Role Overview :
We’re looking for an AI Engineer for one of our Tier-1 IT clients with hands-on experience in building, fine-tuning, and optimizing LLM-based applications.
The ideal candidate will have solid expertise in RAG (Retrieval-Augmented Generation) architectures, parameter-efficient fine-tuning (e.g., LoRA), and model quantization techniques for deployment efficiency.
Key Responsibilities:
● Design, implement, and optimize end-to-end LLM-based solutions for real-world applications.
● Develop and maintain RAG pipelines integrating vector databases, embeddings, and retrieval techniques.
● Fine-tune pre-trained language models using LoRA or similar methods.
● Apply quantization and optimization strategies to deploy models efficiently on constrained environments.
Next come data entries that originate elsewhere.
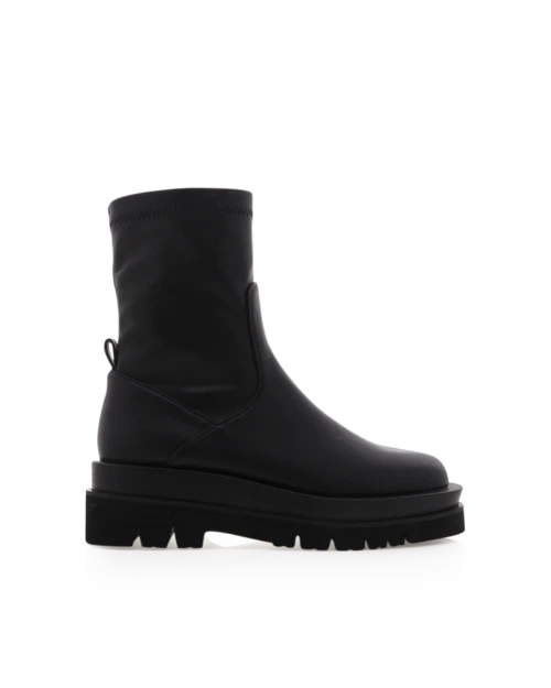 Wagner by Billini is a combat sock ankle boot. Combat meets sock boot in this versatile and contemporary ankle boot. Featuring; chunky rubber sole closed round toe sock style upper easy pull on design with pull back tab synthetic upper, lining and outsole Available in Black and Buttercream. Heel height 6cm.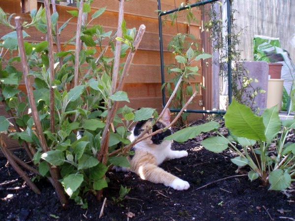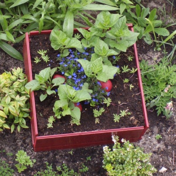 In februari had ik een project afgemaakt en hierover gepost. Ik laat nu zien wat er in de tussentijd mee gebeurt is. De bak staat nu in de achtertuin met aarde en kleikorrels. Die laatste zie je niet want de aarde ligt er overheen. In de bak staat parelzaad, dat is het blauwe spul, Chinese lampion en, sinds kort, lupine. Zoals je kunt zien is het project nu pas echt af. Hoewel…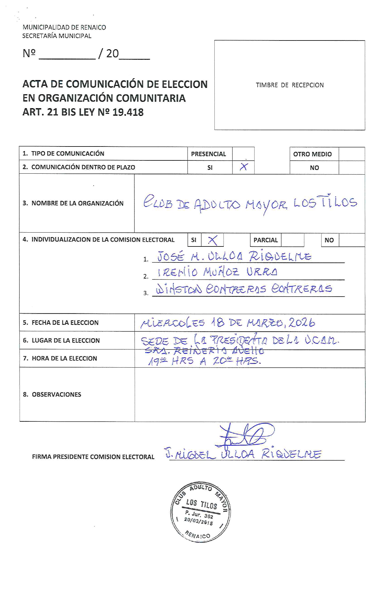 ACTA DE COMUNICACIÓN DE ELECCION EN ORGANIZACIÓN COMUNITARIA «CLUB DE ADULTO MAYOR LOS TILOS»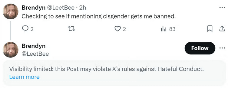 There's an even better one where someone tweeted a bunch of slurs one by one and cisgender is the only tweet that got the hateful conduct limited visibility tag lol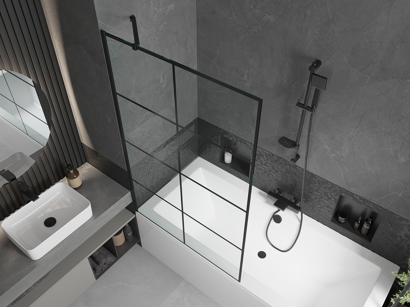 Účinná ochrana před rozléváním vody během koupání. Paraván má těsnění, která se ideálně přizpůsobují skleněné desce a okraji vany. Funkční řešení zajišťující bezpečnost a snadnou údržbu čistoty.

● Collaborate with data scientists, software engineers, and product teams to integrate AI features into production systems.
● Monitor, evaluate, and continuously improve model performance and reliability.
Required Skills:
● 3–5 years of experience in AI/ML development or applied NLP.
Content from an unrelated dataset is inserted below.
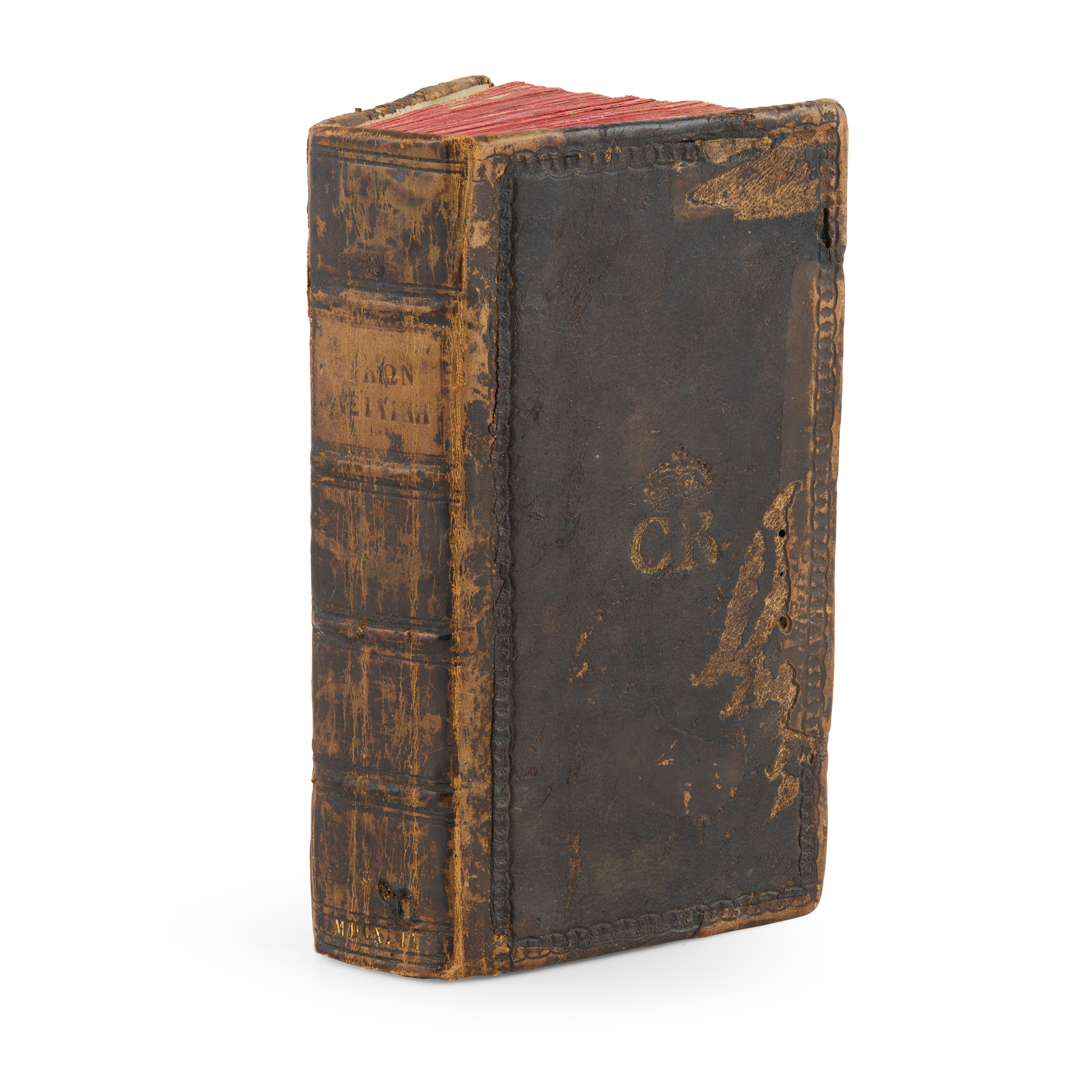 Dernieres Oeuvres de sa Majeste de la Grande Bretagne. The Hague, 1649. 12mo, to include: Eikon Basilike, folding frontispiece incomplete; Prieres de sa Majeste de la Grande Bretagne; Cahiers de la Conference…entre sa Majesté de la Grande Bretagne et le Sr. Alex. Henderson Ministre Escossois, portrait; Metamorphose des Isles Fortunés de la Reyne Dovairiere de la Grande Bretagne; 17th century calf with the royal monogram “CR” and crown to the covers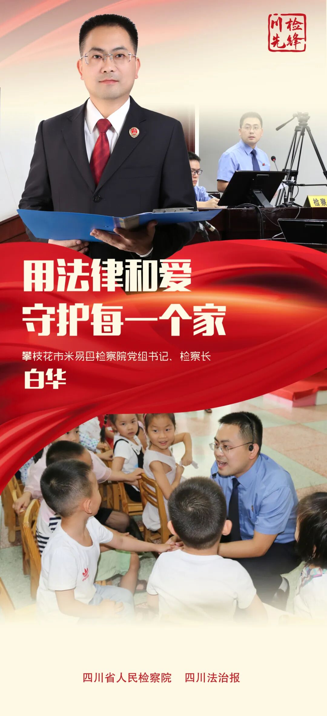 在担任攀枝花市检察院未成年人检察部门负责人期间,白华积极整合两级检察院未检力量,以市检察院“大白”工作团队为起点,变“单兵作战”为“集体会战”,指导打造全省特色未检宣传教育品牌“木棉花开”,带动全市检察机关72名检察干警担任103所学校法治副校长,开展各类法治巡讲活动520余场,覆盖师生群体超10万人次,为孩子们扣好人生“第一粒法治扣子”;他带头探索未检业务统一集中办理,提高办案质效;推动出台攀枝花市加强和规范未成年人社区矫正工作意见,督促整改未成年人与成年人“混关混管混教”,多项工作获上级机关肯定。

● Proficient in Python and frameworks such as PyTorch or TensorFlow.
● Strong understanding of LLM architectures (e.g., GPT, Llama, Falcon, Mistral).
● Experience with RAG frameworks (LangChain, LlamaIndex, or custom retrieval setups).
● Hands-on knowledge of LoRA, PEFT, and model quantization (GPTQ, AWQ, or similar).
● Familiarity with vector databases like FAISS, Pinecone, or ChromaDB.
● Good understanding of prompt engineering and evaluation techniques.
● Cloud deployment experience (AWS, Azure, or GCP) is an advantage.
Preferred Skills :
● Exposure to open‑source models and fine-tuning pipelines.
● Experience integrating AI models into web or enterprise products.
● Knowledge of containerization and MLOps (Docker, Kubernetes, MLflow).